Constructing a PySpark DataFrame Dynamically

Spark provides a lot of connectors to load data from various formats. Whether it is a CSV or JSON or Parquet you can use the magic of “spark.read”.

However, there are times when you would like to create a DataFrame dynamically using code. The one use case that I was presented with was to create a dataframe out of a very twisted incoming JSON from an API. So, I decided to parse the JSON manually and create a dataframe.

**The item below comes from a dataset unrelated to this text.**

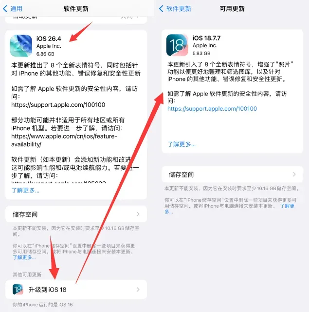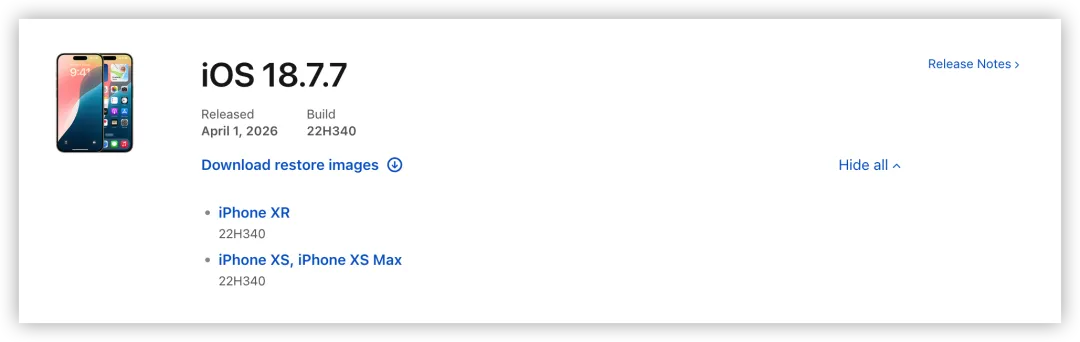 iOS 18.7.7 紧急发布,建议升级3 月 25 日,苹果发布了 iOS 26.4 正式版系统。彼时,iOS 18.7.7 仅面向部分旧款 iPhone 机型推送。而现在,苹果终于解除了这一限制,为更多 iPhone 推送了这一版系统。早些时候,苹果发言人向外媒 Wired 确认,将为更多设备提供 iOS 18 更新。按照苹果的说法,新系统中带来了重要的「安全保护」,修复了几个严重漏洞。分别是 DarkSword(主要针对 iOS 18)以及 Coruna(主要影响 iOS 13 至 iOS 17)。在此前的文章中,小果曾为大家介绍过这两个「网红」漏洞。本质上,DarkSword 和 Coruna 都是高度复杂的「全链条」攻击武器。通过对多个系统漏洞的整合利用,实施从浏览器到系统底层代码的突破。可在用户访问网页时,获取 iPhone 的最高权限。根据社交平台的反馈来看,iOS 18.7.7 的升级通道已全面开启。这意味着目前停留在 iOS 18 的 iPhone 用户,均可以收到 iOS 18.7.7 的更新推送。出于对安装率的追求,在 iOS 26 发布的一段时间后,官方就关闭了部分 iPhone 的 iOS 18 升级通道。尤其是,对于 iPhone 15/16 系列这些相对更新的设备来说。只能选择直接升级至 iOS 26,而无法接收到 iOS 18 的后续维护更新。对于已升级 iOS 26 的用户,仍无法通过验证通道降级回 iOS 18。同时苹果也强调称,iOS 26.4 正式版系统中也提供了类似的安全性更新。如果你的 iPhone 仍停留在旧版系统,请立即升级至更新的系统,以获取更加安全的使用环境。
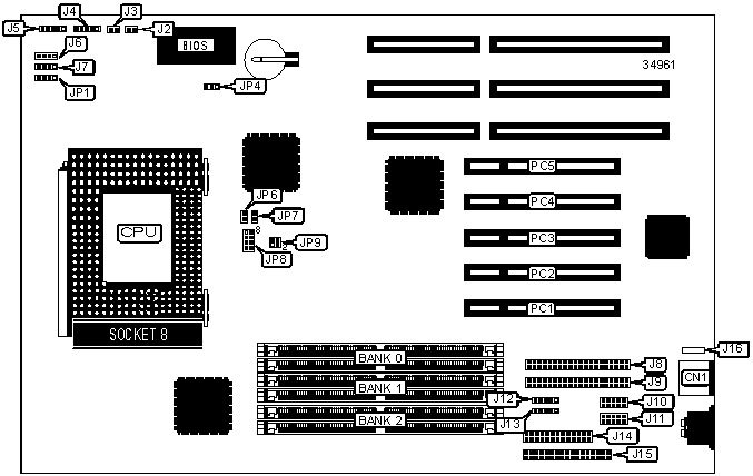 Note: Board accepts EDO memory. Board also accepts x 32 SIMMs. | |||

The approach we are going to use is to create a list of structured Row types and we are using PySpark for the task. The steps are as follows:

  1. Define the custom row class
personRow = Row("name","age")

2. Create an empty list to populate later

community = []

3. Create row objects with the specific data in them. In my case, this data is coming from the response that we get from calling the API.

qr = personRow(name, age)

4. Append the row objects to the list. In our program, we are using a loop to append multiple Row objects to the list.

community.append(qr)

5. Define the schema using StructType

person_schema = StructType([ \
                              StructField("name", StringType(), True), \
                              StructField("age", IntegerType(), True), \

                    ])

6. Create the dataframe using createDataFrame. The two parameters required is the data and schema to applied.

communityDF = spark.createDataFrame(community, person_schema)

Using the steps above, we are able to create a dataframe for use in Spark applications dynamically.